Christianity: Prayer and Other Shortcomings
Prayer is the most accessible act in the Christian life — and yet the one we often neglect. It requires no special location, no degree, no financial cost, and yet it is the first to go when life gets crowded. Many believers know they should pray, but few experience prayer as a constant, living connection with the God who made them.
This book is a call back to the heart of prayer — not as a ritual or last resort, but as the lifeline of the believer. It begins with the wonder that prayer is conversation with the Creator of the universe. The One who spoke galaxies into being listens to our words, whispers back through His Spirit, and invites us into a relationship deeper than we imagined.

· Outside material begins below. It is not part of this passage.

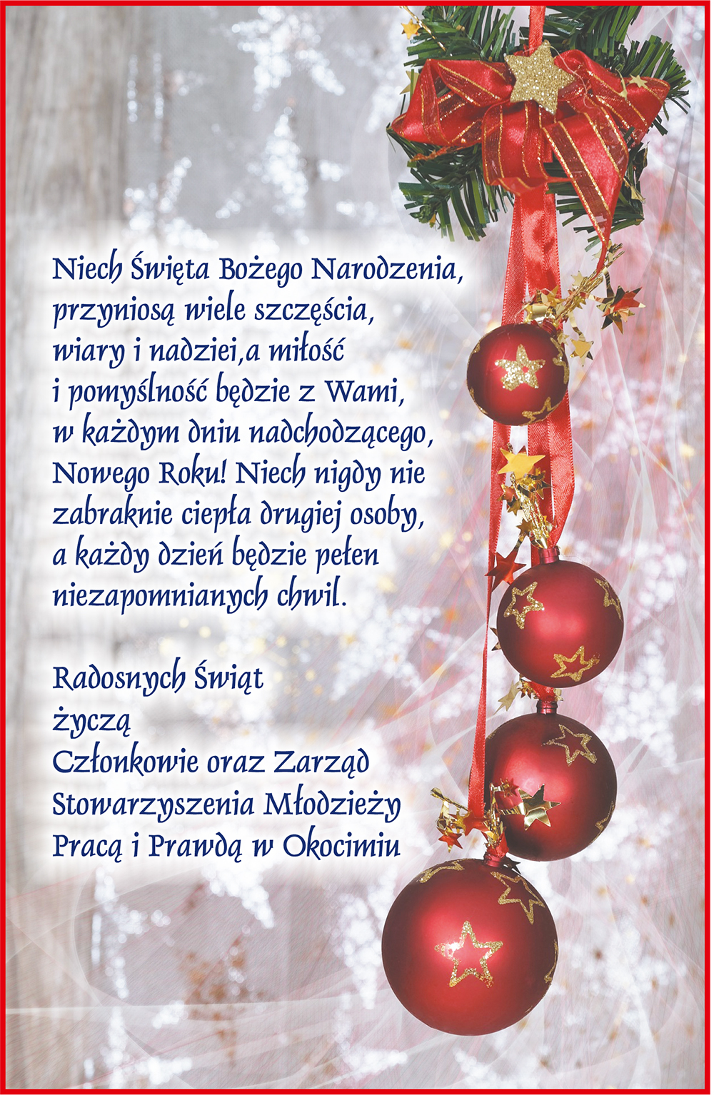 -- Życzenia Boże Narodzenie 2022 - Stowarzyszenie Młodzieży Praca i Prawdą w Okocimiu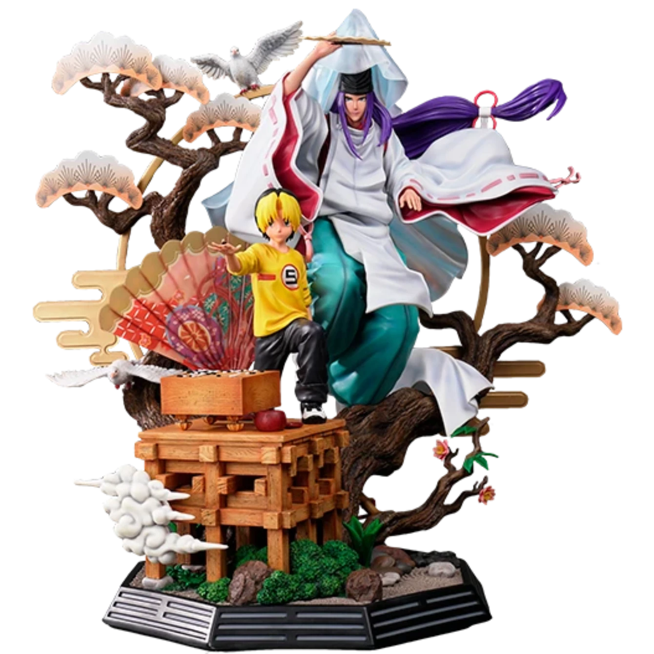 This Hikaru no Go statue measures 20.4 inches tall and features the highly detailed and sculpted characters Shindou Hikaru and Fujiwara no Sai: Hikaru with short black hair and golden fringes, and wearing a yellow T-shirt with the numeral “5”, while Sai is featured in his iconic white hunting clothes and holding a bat fan in the right hand. A sun wheel, a sturdy cypress, a big Japanese fan, and two flying birds form a stunning backdrop. The base beneath them is full of details, such as Eight Diagrams symbols, realistic sand-like textures, sculpted grasses, and cobbles. The wood-like go board sits on the base, and each go stone can be placed on the board, adding a sense of reality to the statue.

Along the way, we face the uncomfortable truth: our prayer life is often hindered by deeper spiritual shortcomings. We underuse the Holy Spirit, not from disinterest but from lack of understanding or training. We allow sin to grow because we do not stop it at the first glance, forgetting James’ warning that desire, once conceived, gives birth to sin. We keep the letter of God’s commands while ignoring Jesus’ “You have heard it said, but I say to you” — missing His call to purity of heart and motive. And we forget that prayer should produce fruit in our lives, not just feelings of comfort.
The chapters explore prayer in all its dimensions:
Prayer as conversation — learning to speak and listen throughout the day.
Intercession — standing before God on behalf of the unsaved, our leaders, even those who oppose us.
Persistence — drawing from Jesus’ parable of the persistent widow to understand why God sometimes answers only after we keep asking.
The Spirit’s help — how the Holy Spirit intercedes for us and teaches us to pray when we don’t know how.
Prayer and holiness — removing the obstacles that hinder our prayers.
Prayer as warfare — fighting the battle in the unseen before it is fought in the seen.
More than a “how-to,” this is a heart call. It is an invitation to live in constant awareness of God’s presence, so that prayer becomes as natural as breathing — a life-giving conversation that shapes how we see, how we act, and how we love.